В Храмов - Сегодня - позавчера
- Спасибо, мать. Обнадёжила.
- Ты бы, сынок, к Натану обратился. Он с главврачом дружен, а тот с Сергеечем, военкомом знается близко - выросли вместе. Может, придумают чего.
Я так и поступил. Но Аароныч меня не понял. Так и сказал:
- Не понял я тебя, старшина. Если комиссоваться хочешь - тут я тубе не помощник - сам решай.
- Ты чё, Натан Аароныч? Я, наоборот, служить хочу. В бой быстрее. Там ребят моих в блин раскатывают, а я тут, на казённых харчах, кисну.
- А, вон оно что! А я уж, грешным делом, разочароваться в тебе хотел. Думал, ошибся в тебе.
- Зря ты.
- Ты уж прости глупого еврея. Но не стану пока ничего делать. Рано. Слаб ты ещё. Хотя динамика положительная, всё может испортиться в самый неподходящий момент.
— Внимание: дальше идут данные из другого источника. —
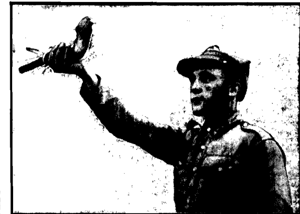
Rzut w górę zamiast rozkazu; pędz z meldunkiem.

1-szy pułk łączności w Zegrzu, prócz psów meldunkowych, utrzymuje wzorową stację gołębi pocztowych, o których już niejednokrotnie ciekawie rzeczy opowiadał Czytelnikom „Expressu Porannego” por. Sowa, komendant stacji gołębi nr. 1 w Warszawie.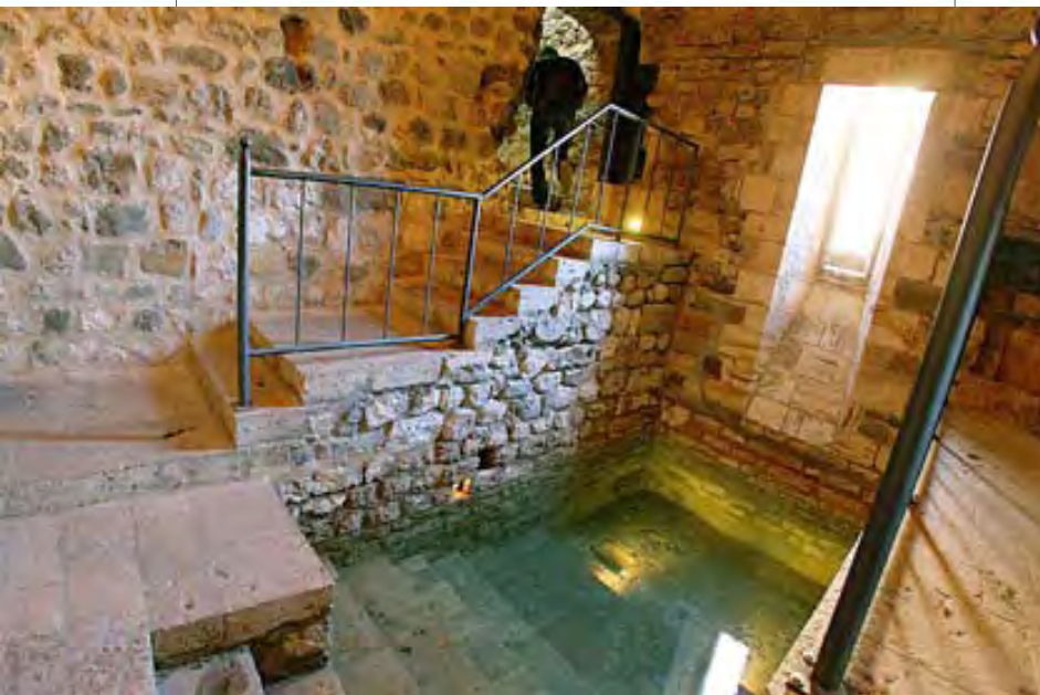
El micvé de Besalú, del segle XIII, l'únic que es conserva a la península Ibèrica.

- Жаль. Ну, а такая заморочка...
- Что?
- Да не заморачивайся!
- Что?
- Да что ты такой есть-то! Всё тебе на литературном разжуй. Проблема: часть моя неизвестно где. К кому я приписан, где на довольствии состою?
- Да, это точно, как ты говоришь, за-мо-ро-чка? От слова морок? Навеянный кошмар-заблуждение. Довольно точно. Довольствие...
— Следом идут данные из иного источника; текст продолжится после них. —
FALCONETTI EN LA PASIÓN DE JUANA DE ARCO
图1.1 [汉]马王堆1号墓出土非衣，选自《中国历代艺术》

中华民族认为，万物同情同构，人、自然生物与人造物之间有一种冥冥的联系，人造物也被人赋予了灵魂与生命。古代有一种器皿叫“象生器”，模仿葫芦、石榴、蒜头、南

- Да. Как говорил товарищ Ленин: "Социализм - это учёт и контроль".
- Ты больше нигде так не ляпни. Ленин так не говорил.
- Так, где я на учёте состою? Кто меня контролирует и довольствовать должен? Хотя бы, пока, до выписки, в денежном и одёжном-обувном довольствии.
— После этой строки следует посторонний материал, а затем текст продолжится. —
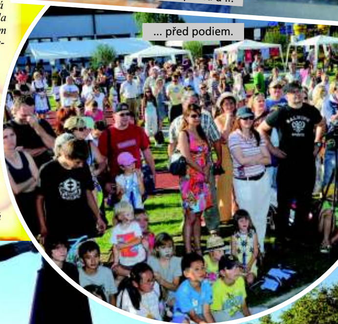
... před pódium.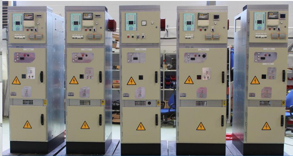
Ячейки КСО-298 М «Московия»

- Да, об этом стоит, как ты говоришь, потереть?
- Перетереть.
- Откуда ты словечек этих набрался? Или вспоминать начал что?
- С мира по нитке - нищему рубаха. Ничего пока не вспомнил. Так нахватался. Не парься!
- Что? Я не в бане.
- Да, это тоже значит - не забивай головы. Ну, так что, не забудешь?
- Да уж постараюсь.
- А насчёт баньки ты напомнил - я ведь знаю что это. Буквально кожей почувствовал. Смотри мурахи какие. Наверное, баню я люблю. Аж, жар по душе прошел!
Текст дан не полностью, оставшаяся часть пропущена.